◆ WHAT TO PRODUCE: Your answer must be an exact retyping of the line containing "ハリのあるナイロンに、スムー" and every line after it through the end of the records below, with no pictures and nothing else.

◆ DATASET:
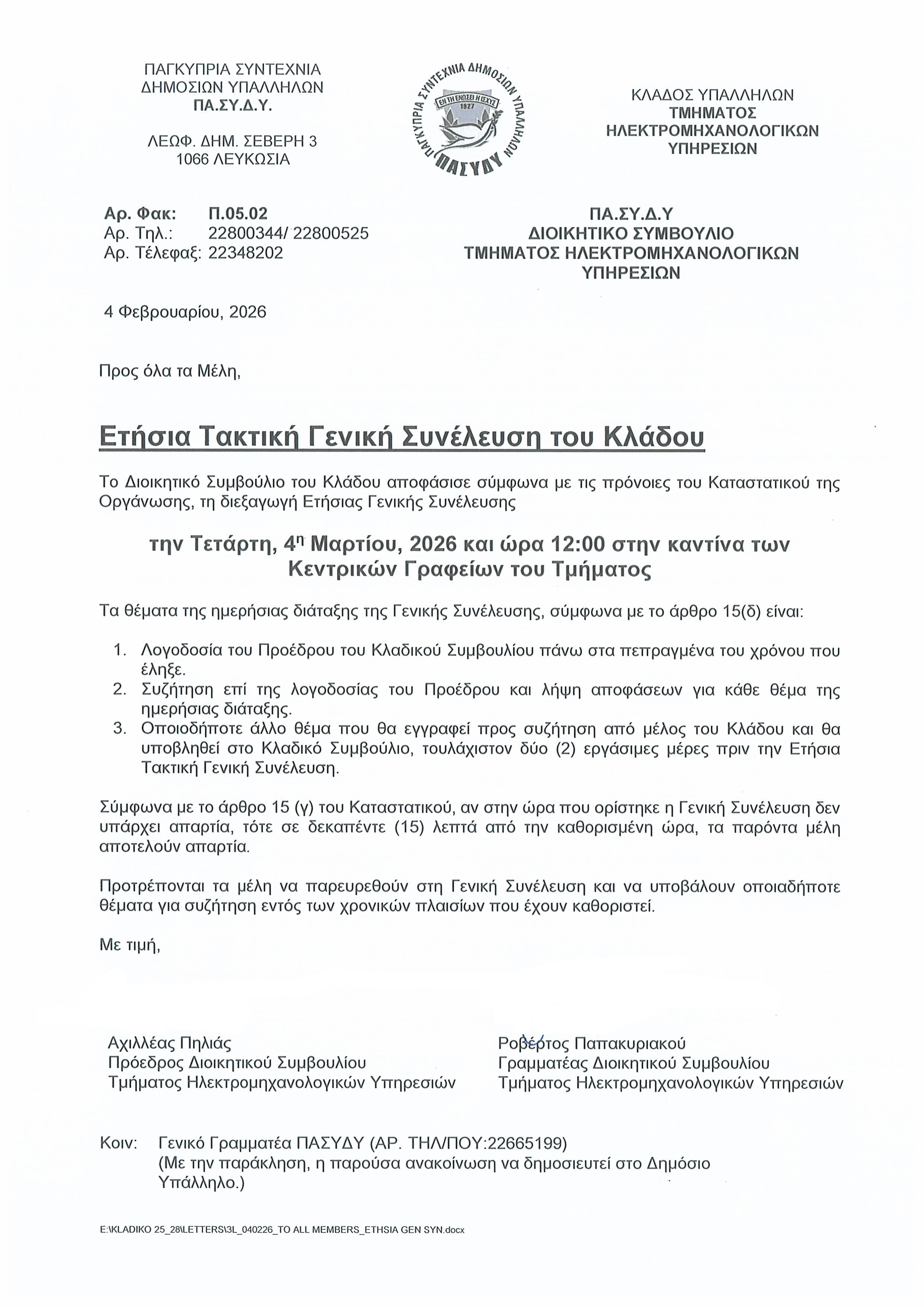 2/19/2026 Ετήσια Γενική Συνέλευση Κλάδου Υπαλλήλων Τμήματος Ηλεκτρομηχανολογικών Υπηρεσιών Τελευταία Νέα 3/13/2026 Διάλεξη με θέμα Τρίτη Ηλικία: Διατροφή και Άσκηση για καλύτερη ποιοτική ζωή 2/13/2026 Καταχώριση αίτησης στο Ανώτατο Δικαστήριο για ακύρωση της απόφασης του Αρχηγού Αστυνομίας αναφορικά με το ωράριο 2/10/2026 Ομαδικό Σχέδιο Ασφάλισης Ζωής ΠΑ.ΣΥ.Δ.Υ. 2/3/2026 Ετήσιες Τακτικές Γενικές Συνελεύσεις Κλάδων και Επαρχιακών Τμημάτων 1/30/2026 Η ΠΑΣΥΔΥ χαιρετίζει την αποκατάσταση από τη Βουλή του δικαιώματος σε ιατροφαρμακευτική περίθαλψη για τους δημοσίους υπαλλήλους Τα νέα του Κλάδου Συνταξιούχων ΠΑ.ΣΥ.Δ.Υ. Μεταρρύθμιση της Δ.Υ. Νέο Σχέδιο Συνταξιοδοτικών Ωφελημάτων-Εγχειρίδιο Εξοχικά Διαμερίσματα ΠΑ.ΣΥ.Δ.Υ.-Κρατήσεις
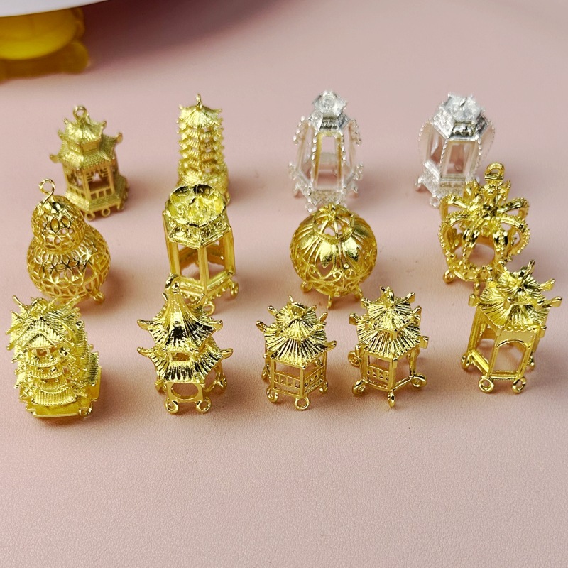 宫灯配件饰品合金立体兔子金鱼葫芦花篮镂空灯笼黄鹤楼亭子
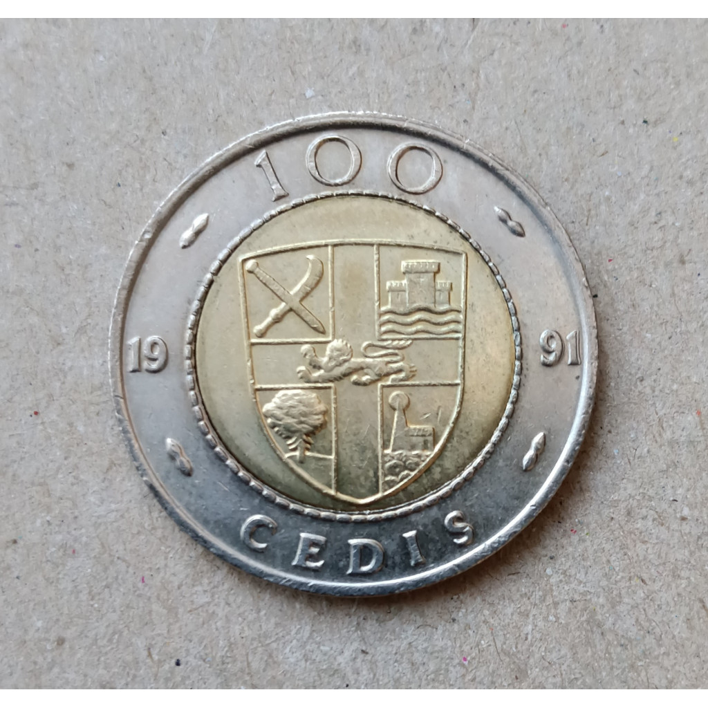 Гана 100 Седи 1991 год, Герб, Плоды какао, Биметалл
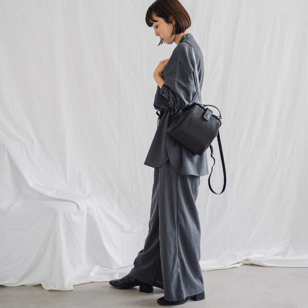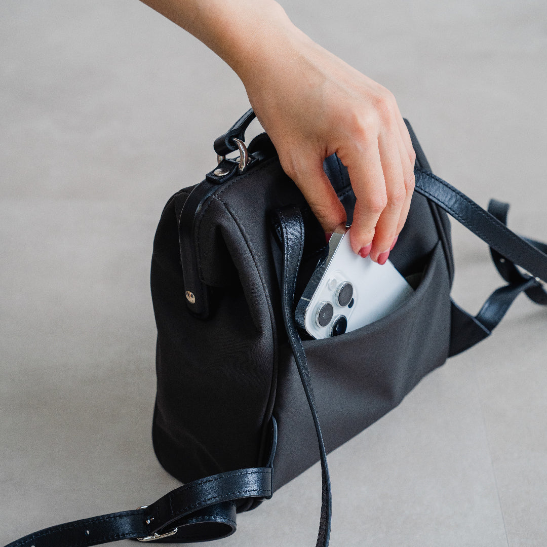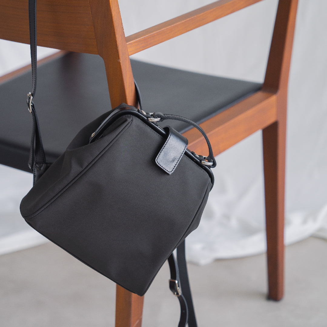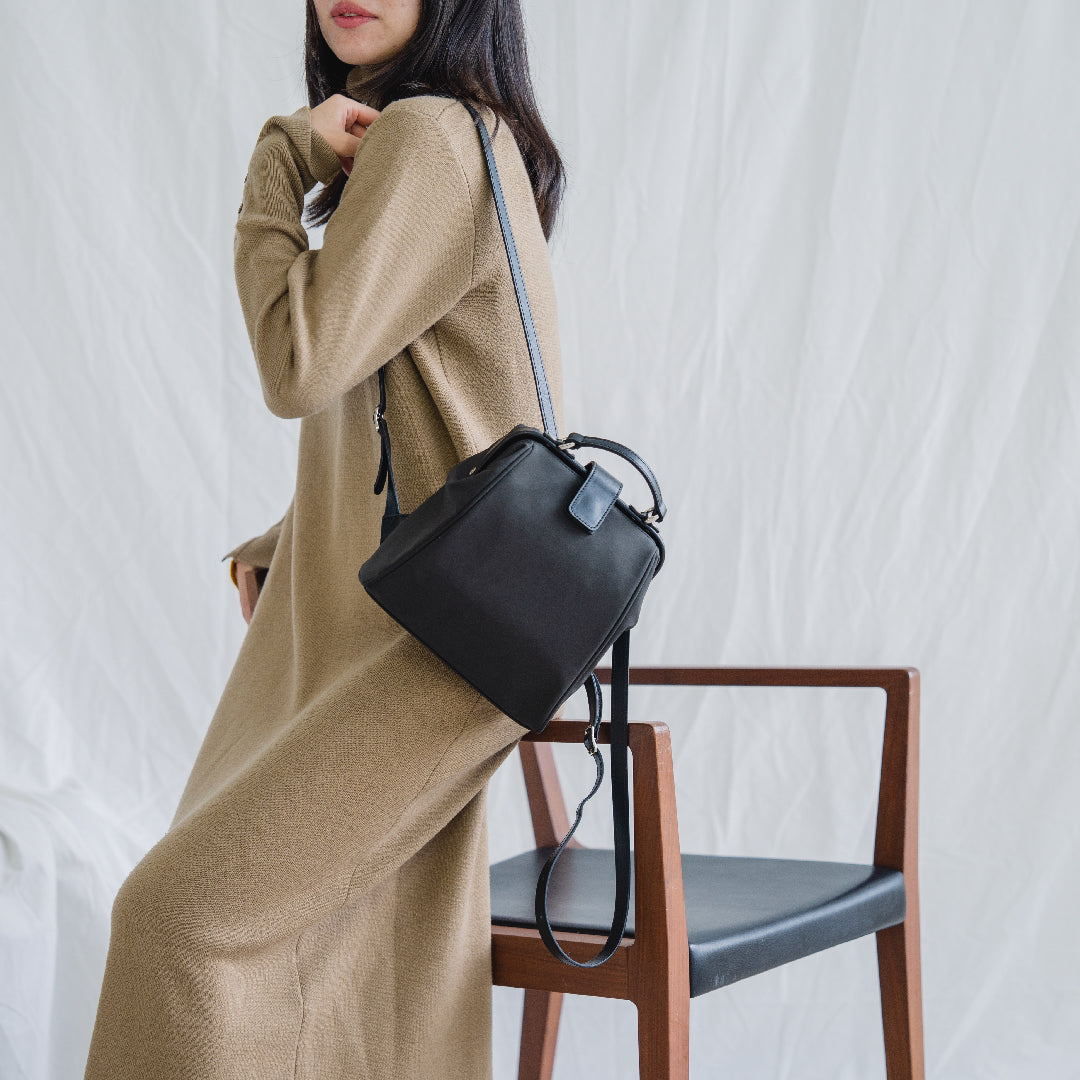 ハリのあるナイロンに、スムースレザーが軽やかさと品格を両立した、大人のための異素材コンビ。
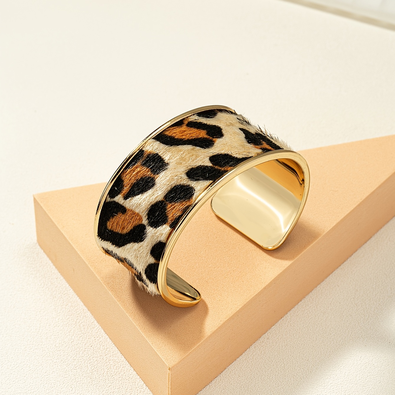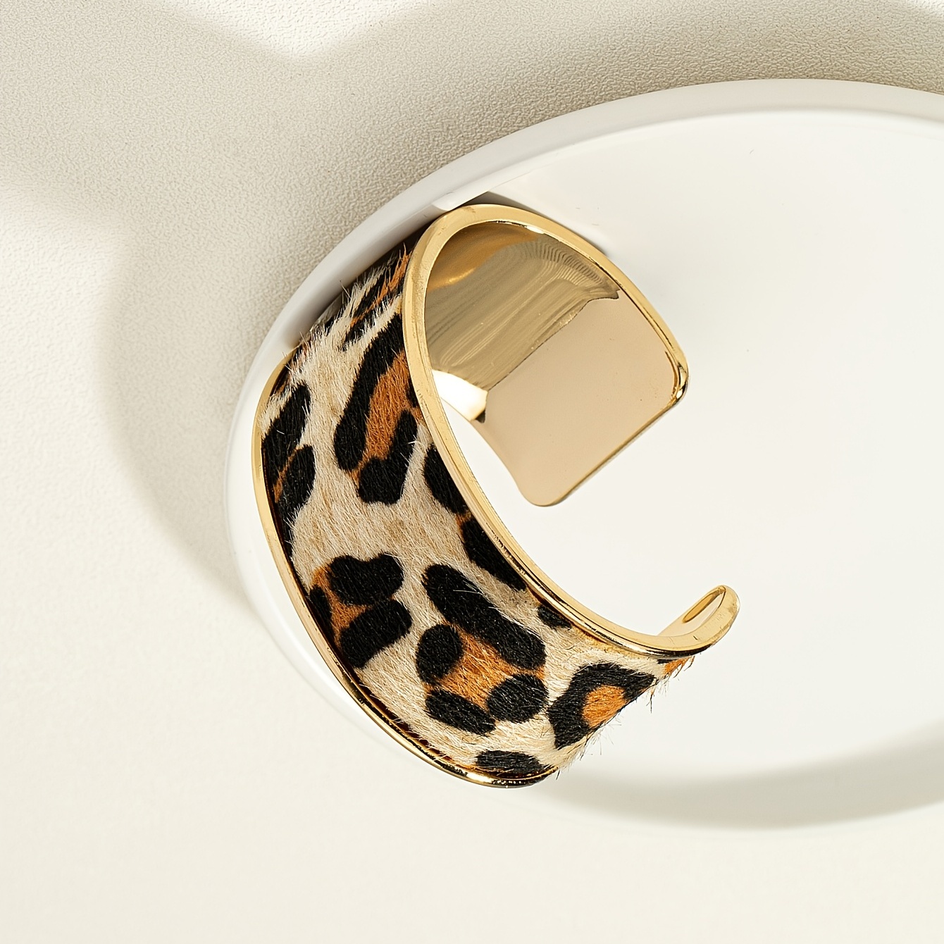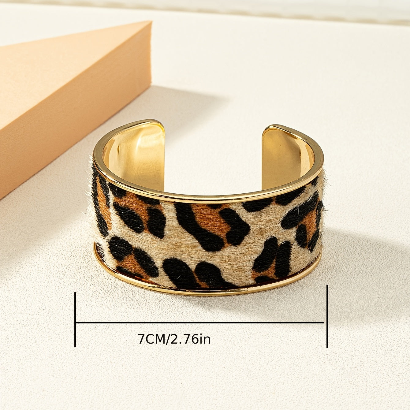 Bohemian luxury 14K gold-plated leopard print open bracelet, adjustable alloy bracelet, suitable for daily and party wear, fashion jewelry for all seasons

◆ TASK OUTPUT:
 ハリのあるナイロンに、スムースレザーが軽やかさと品格を両立した、大人のための異素材コンビ。
 Bohemian luxury 14K gold-plated leopard print open bracelet, adjustable alloy bracelet, suitable for daily and party wear, fashion jewelry for all seasons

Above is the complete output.